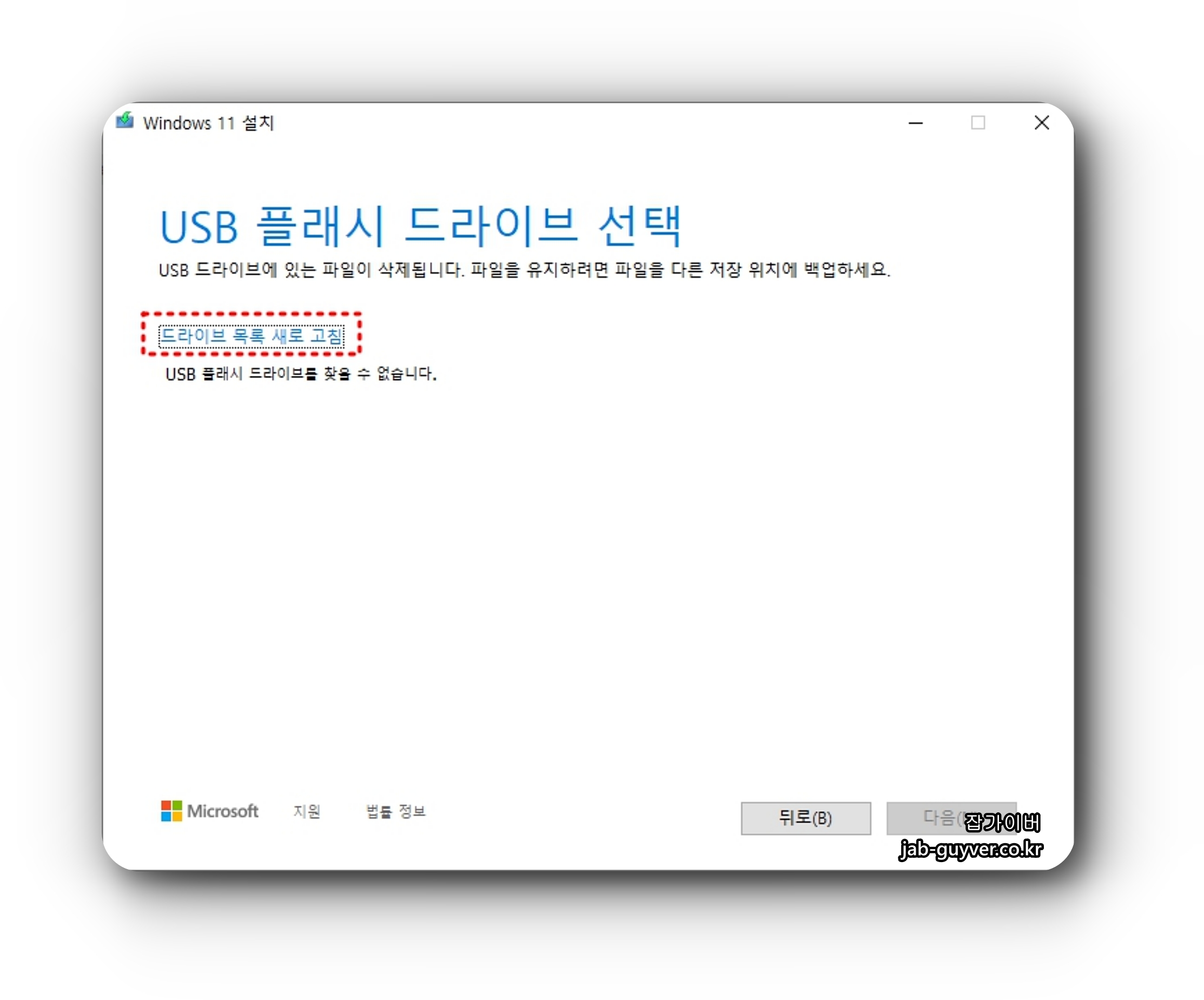 그리고 8GB 이상의 USB 메모리카드를 삽입 후 실행합니다.
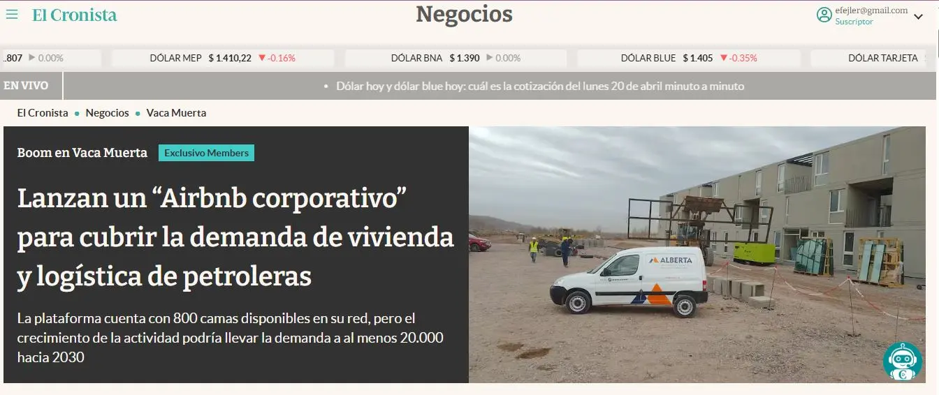 En ese marco, la localidad neuquina de Añelo se transforma en un polo clave, donde la demanda de vivienda, servicios y logística crecen al ritmo de la actividad petrolera. Allí, la empresa Alberta acaba de lanzar una plataforma digital que busca ordenar ese mercado: una central de reservas de alojamiento y espacios logísticos pensada exclusivamente para el segmento corporativo.
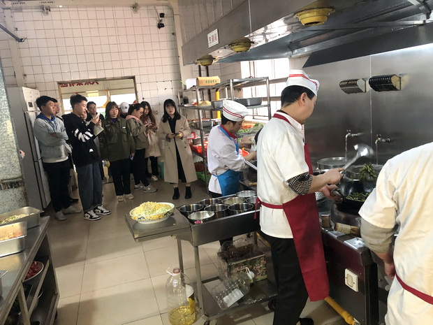 座谈会后,同学们深入食堂第一线,兴致勃勃的参观了米饭生产线和各餐厅的后厨操作间,观看了厨师们烹制菜肴的厨艺,还参观了食材库房等重要场地。在参观过程中,工作人员与同学们就大家关心的原材料采供体系、日常操作流程、餐具消毒、食品售卖及食品安全监管措施等问题进行了现场交流与互动。
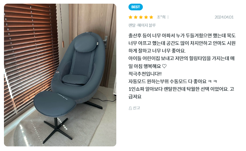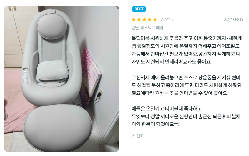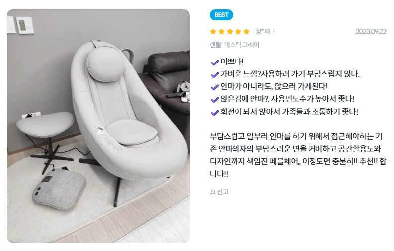 - 안마와 온열이 가능한 2-in-1 무선 온열쿠션이 포함됩니다.
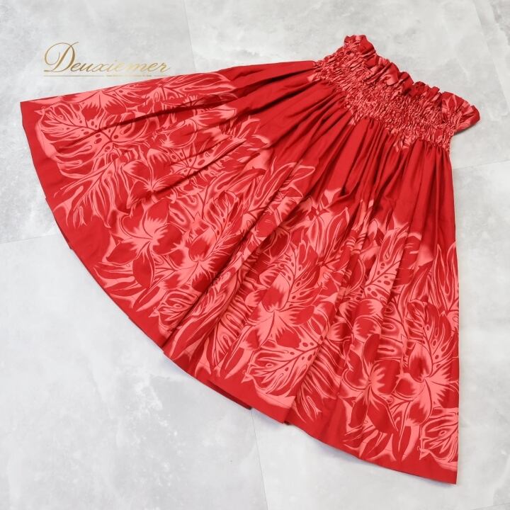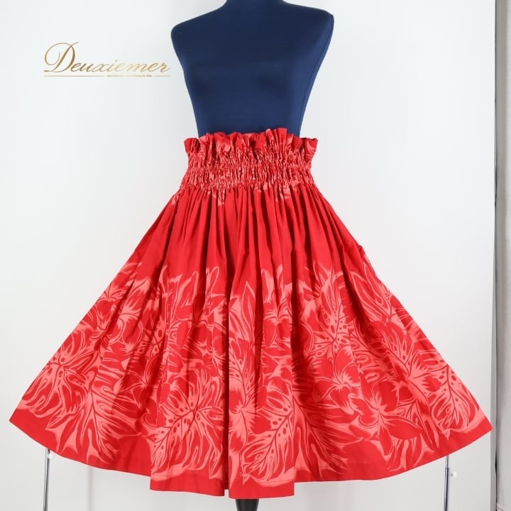 #フラダンス衣装 #パウスカート #モンステラ #プルメリア #ラウアエ #ハワイアンファッション #フラダンス #ダンス衣装 #ウエストゴム #鮮やかなレッド #夏のコーデ #トルソー #女性用 #フラガール #リゾートスタイル #ハワイイベント #エスニックファッション #ウエストサイズ #ダンスパフォーマンス #ENUTSU
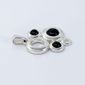 This striking vintage pendant features a bold modernist design with bezel-set garnet cabochons arranged in an abstract circular pattern. The polished sterling silver setting enhances the deep red hues of the gemstones, creating a unique and artistic look. A statement piece perfect for collectors of modernist jewelry.
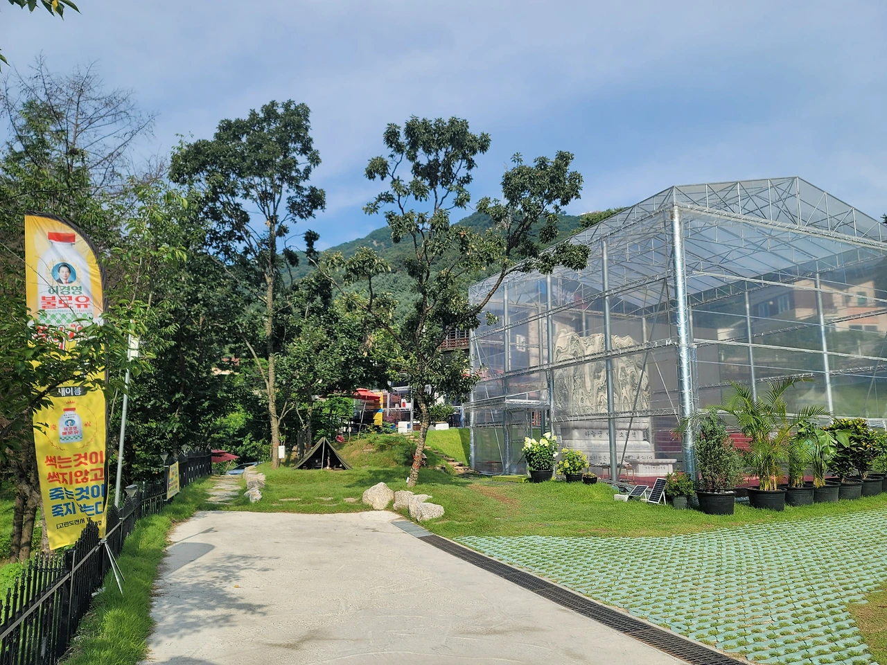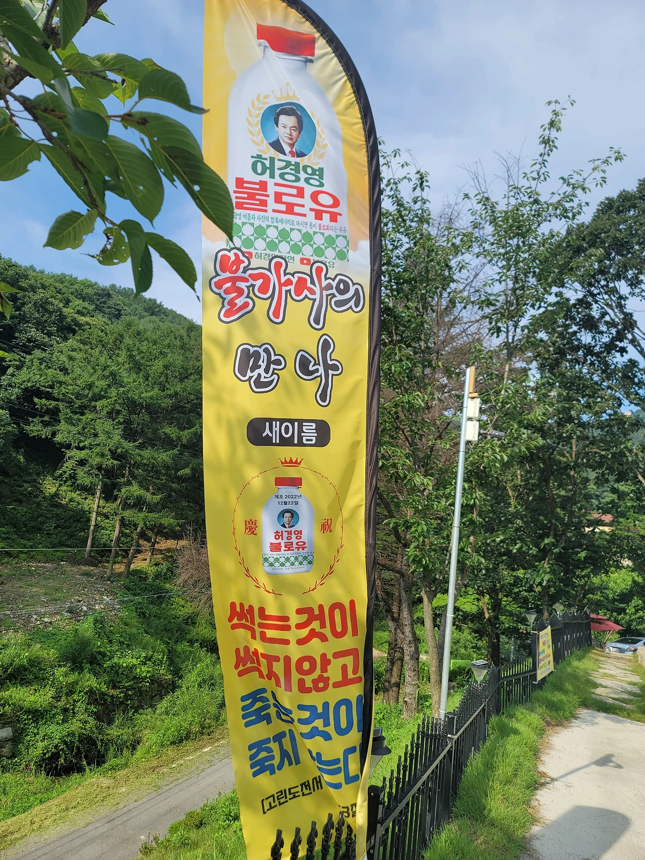 하지만 산속 깊속한 자락. 예전 장흥의 모습은 간곳없고 주변이 온통 개울가 가게와. 허경 영? 대표의 왕국이 요소 요소 자리해 있다. 오래된 모텔등을 집중. 매집 한듯 간판만 바뀌어진 모습이 매우 키치적이다. 대국민 배당. 1억씩 이라는 선거 공약을 실천하기 위한 왕국 건설 일까. 이 모든 자산의 원천은 어디에서 오는지도 궁금 해진다
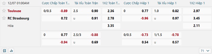 Bảng kèo bóng đá Toulouse vs Strasbourg
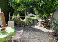 Auf einem ca. 209 m² großen Grundstück lädt der verwunschene Garten mit Terrasse in Südwestlage zum Verweilen ein.
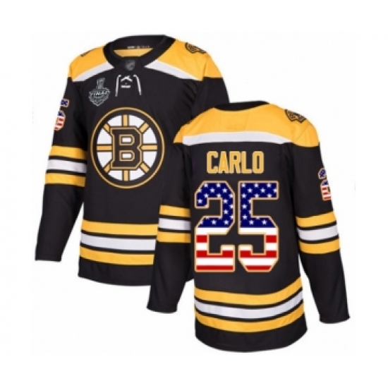 Youth Boston Bruins #25 Brandon Carlo Authentic Black USA Flag Fashion 2019 Stanley Cup Final Bound Hockey Jersey
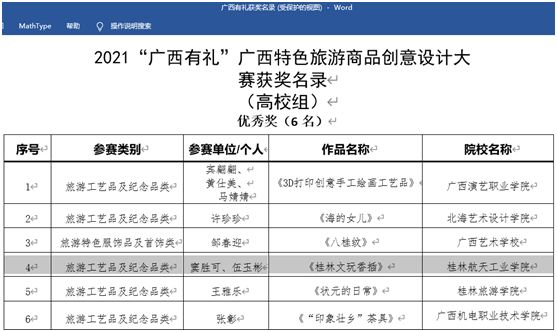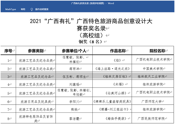 传媒与艺术设计学院近年来以区域文化与航天文化传承与创新设计为学院发展方向,近年来与桂林观志窑共建陶瓷艺术工作室,已在旅游文创产品设计方面取得较大影响,今年8月15日,该院选送的陶瓷作品在广西壮族自治区文化和旅游厅主办,广西旅游商品行业协会承办的2021“广西有礼”广西特色旅游商品创意设计大赛中,也分别获得高校组铜奖、优秀奖各1项。
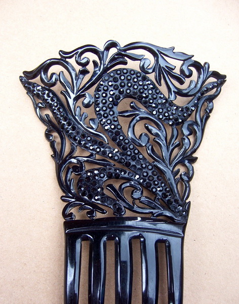 French jet is a glittering form of black glass which has  nothing to do with France,  but was produced mainly in Bohemia,  now part of modern Czechoslovakia,  in the late 19th and early 20th century when it was  extremely popular for jewellery making. In this comb it is incorporated in the  form of black “rhinestones” which are set into a frame of black celluloid. The  beautiful asymmetric design has a lively sense of movement and shows some Art  Nouveau influence.
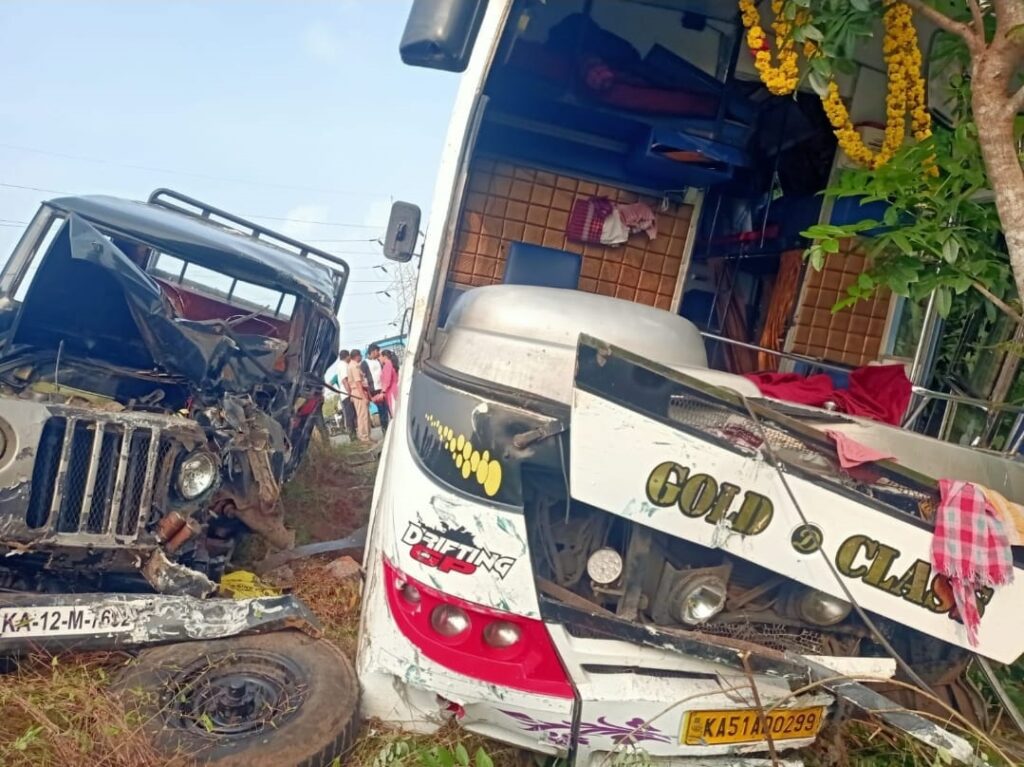 ಕಾರ್ಕಳ:ಖಾಸಗಿ ಬಸ್ ಹಾಗೂ ಜೀಪ್ ನಡುವೆ ಭೀಕರ ಅಪಘಾತ ಸಂಭವಿಸಿದ ಪರಿಣಾಮ ಓರ್ವ ಸ್ಥಳದಲ್ಲೇ ಮೃತಪಟ್ಟು, ಇಬ್ಬರು ಗಂಭೀರವಾಗಿ ಗಾಯಗೊಂಡ ಘಟನೆ ನಿಟ್ಟೆ ಗ್ರಾಮದ ಮಂಜರ್ಪಲ್ಕೆ ಎಂಬಲ್ಲಿ ಇಂದು ನಡೆದಿದೆ.
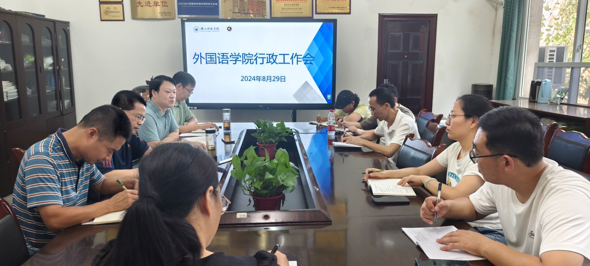 本网讯(文/唐爱苹 图/雷洪敏)8月29日外国语学院在304会议室召开新学期第一次行政工作会。会议由学院院长江世勇主持,学院党委书记袁明锋及全体行政人员参加了会议。
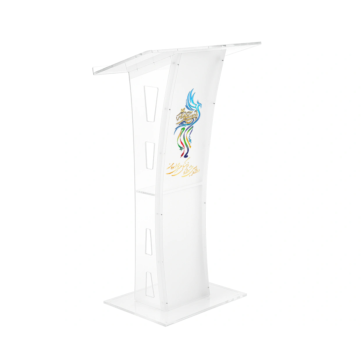 تریبون پلکسی شفاف انتخابی ایدهآل برای سالنهای همایش، کنفرانسها، نشستهای خبری، سخنرانی رسمی مدیران، نمایشگاهها، مدارس، دانشگاهها و رویدادهای برندینگ سازمانی است. طراحی تمامشفاف آن باعث میشود با هر نوع دکور و پسزمینه هماهنگ شده و حس مدرن را به صحنه ببخشد. اگر بهدنبال تریبون آماده با ظاهری شفاف و برند محور، تریبون اختصاصی فوری برای مراسم نزدیک و محصولی با تحویل اکسپرس ۴۸ ساعته هستید، این مدل یکی از حرفهایترین انتخابهای شما محسوب میشود.
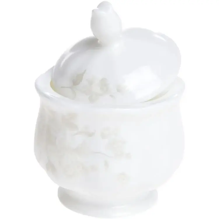 Цукорниця виготовлена з кістяної порцеляни, яка відрізняється особливою вишуканістю. Вироби з неї настільки тонкі, що можна побачити, як вони просвічуються. Компактна цукорниця декорована красивим квітковим візерунком світло-сірого кольору. Вона прикрасить кожен стіл і стане чудовим подарунком для ваших близьких. Ви можете купити цукорницю окремо або в комплекті з сервізом, в який також входять чайник, чашки з блюдцями, молочник. Перегляньте інші товари з подібними характеристикамиСтол
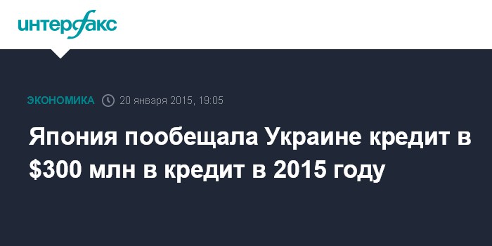 Москва. 20 января. INTERFAX.RU - Япония в 2015 году в рамках программы международной помощи предоставит Украине на нужды бюджета кредит $300 млн, а также грант $16,6 млн на восстановление социальных объектов и инфраструктуры на востоке страны, сообщил посол Японии на Украине Шигеки Суми.

== == ==

What is being asked:
Print the material above verbatim except the pictures.

Solution to the problem:
 그리고 8GB 이상의 USB 메모리카드를 삽입 후 실행합니다.
 En ese marco, la localidad neuquina de Añelo se transforma en un polo clave, donde la demanda de vivienda, servicios y logística crecen al ritmo de la actividad petrolera. Allí, la empresa Alberta acaba de lanzar una plataforma digital que busca ordenar ese mercado: una central de reservas de alojamiento y espacios logísticos pensada exclusivamente para el segmento corporativo.
 座谈会后,同学们深入食堂第一线,兴致勃勃的参观了米饭生产线和各餐厅的后厨操作间,观看了厨师们烹制菜肴的厨艺,还参观了食材库房等重要场地。在参观过程中,工作人员与同学们就大家关心的原材料采供体系、日常操作流程、餐具消毒、食品售卖及食品安全监管措施等问题进行了现场交流与互动。
 - 안마와 온열이 가능한 2-in-1 무선 온열쿠션이 포함됩니다.
 #フラダンス衣装 #パウスカート #モンステラ #プルメリア #ラウアエ #ハワイアンファッション #フラダンス #ダンス衣装 #ウエストゴム #鮮やかなレッド #夏のコーデ #トルソー #女性用 #フラガール #リゾートスタイル #ハワイイベント #エスニックファッション #ウエストサイズ #ダンスパフォーマンス #ENUTSU
 This striking vintage pendant features a bold modernist design with bezel-set garnet cabochons arranged in an abstract circular pattern. The polished sterling silver setting enhances the deep red hues of the gemstones, creating a unique and artistic look. A statement piece perfect for collectors of modernist jewelry.
 하지만 산속 깊속한 자락. 예전 장흥의 모습은 간곳없고 주변이 온통 개울가 가게와. 허경 영? 대표의 왕국이 요소 요소 자리해 있다. 오래된 모텔등을 집중. 매집 한듯 간판만 바뀌어진 모습이 매우 키치적이다. 대국민 배당. 1억씩 이라는 선거 공약을 실천하기 위한 왕국 건설 일까. 이 모든 자산의 원천은 어디에서 오는지도 궁금 해진다
 Bảng kèo bóng đá Toulouse vs Strasbourg
 Auf einem ca. 209 m² großen Grundstück lädt der verwunschene Garten mit Terrasse in Südwestlage zum Verweilen ein.
 Youth Boston Bruins #25 Brandon Carlo Authentic Black USA Flag Fashion 2019 Stanley Cup Final Bound Hockey Jersey
 传媒与艺术设计学院近年来以区域文化与航天文化传承与创新设计为学院发展方向,近年来与桂林观志窑共建陶瓷艺术工作室,已在旅游文创产品设计方面取得较大影响,今年8月15日,该院选送的陶瓷作品在广西壮族自治区文化和旅游厅主办,广西旅游商品行业协会承办的2021“广西有礼”广西特色旅游商品创意设计大赛中,也分别获得高校组铜奖、优秀奖各1项。
 French jet is a glittering form of black glass which has  nothing to do with France,  but was produced mainly in Bohemia,  now part of modern Czechoslovakia,  in the late 19th and early 20th century when it was  extremely popular for jewellery making. In this comb it is incorporated in the  form of black “rhinestones” which are set into a frame of black celluloid. The  beautiful asymmetric design has a lively sense of movement and shows some Art  Nouveau influence.
 ಕಾರ್ಕಳ:ಖಾಸಗಿ ಬಸ್ ಹಾಗೂ ಜೀಪ್ ನಡುವೆ ಭೀಕರ ಅಪಘಾತ ಸಂಭವಿಸಿದ ಪರಿಣಾಮ ಓರ್ವ ಸ್ಥಳದಲ್ಲೇ ಮೃತಪಟ್ಟು, ಇಬ್ಬರು ಗಂಭೀರವಾಗಿ ಗಾಯಗೊಂಡ ಘಟನೆ ನಿಟ್ಟೆ ಗ್ರಾಮದ ಮಂಜರ್ಪಲ್ಕೆ ಎಂಬಲ್ಲಿ ಇಂದು ನಡೆದಿದೆ.
 本网讯(文/唐爱苹 图/雷洪敏)8月29日外国语学院在304会议室召开新学期第一次行政工作会。会议由学院院长江世勇主持,学院党委书记袁明锋及全体行政人员参加了会议。
 تریبون پلکسی شفاف انتخابی ایدهآل برای سالنهای همایش، کنفرانسها، نشستهای خبری، سخنرانی رسمی مدیران، نمایشگاهها، مدارس، دانشگاهها و رویدادهای برندینگ سازمانی است. طراحی تمامشفاف آن باعث میشود با هر نوع دکور و پسزمینه هماهنگ شده و حس مدرن را به صحنه ببخشد. اگر بهدنبال تریبون آماده با ظاهری شفاف و برند محور، تریبون اختصاصی فوری برای مراسم نزدیک و محصولی با تحویل اکسپرس ۴۸ ساعته هستید، این مدل یکی از حرفهایترین انتخابهای شما محسوب میشود.
 Цукорниця виготовлена з кістяної порцеляни, яка відрізняється особливою вишуканістю. Вироби з неї настільки тонкі, що можна побачити, як вони просвічуються. Компактна цукорниця декорована красивим квітковим візерунком світло-сірого кольору. Вона прикрасить кожен стіл і стане чудовим подарунком для ваших близьких. Ви можете купити цукорницю окремо або в комплекті з сервізом, в який також входять чайник, чашки з блюдцями, молочник. Перегляньте інші товари з подібними характеристикамиСтол
 Москва. 20 января. INTERFAX.RU - Япония в 2015 году в рамках программы международной помощи предоставит Украине на нужды бюджета кредит $300 млн, а также грант $16,6 млн на восстановление социальных объектов и инфраструктуры на востоке страны, сообщил посол Японии на Украине Шигеки Суми.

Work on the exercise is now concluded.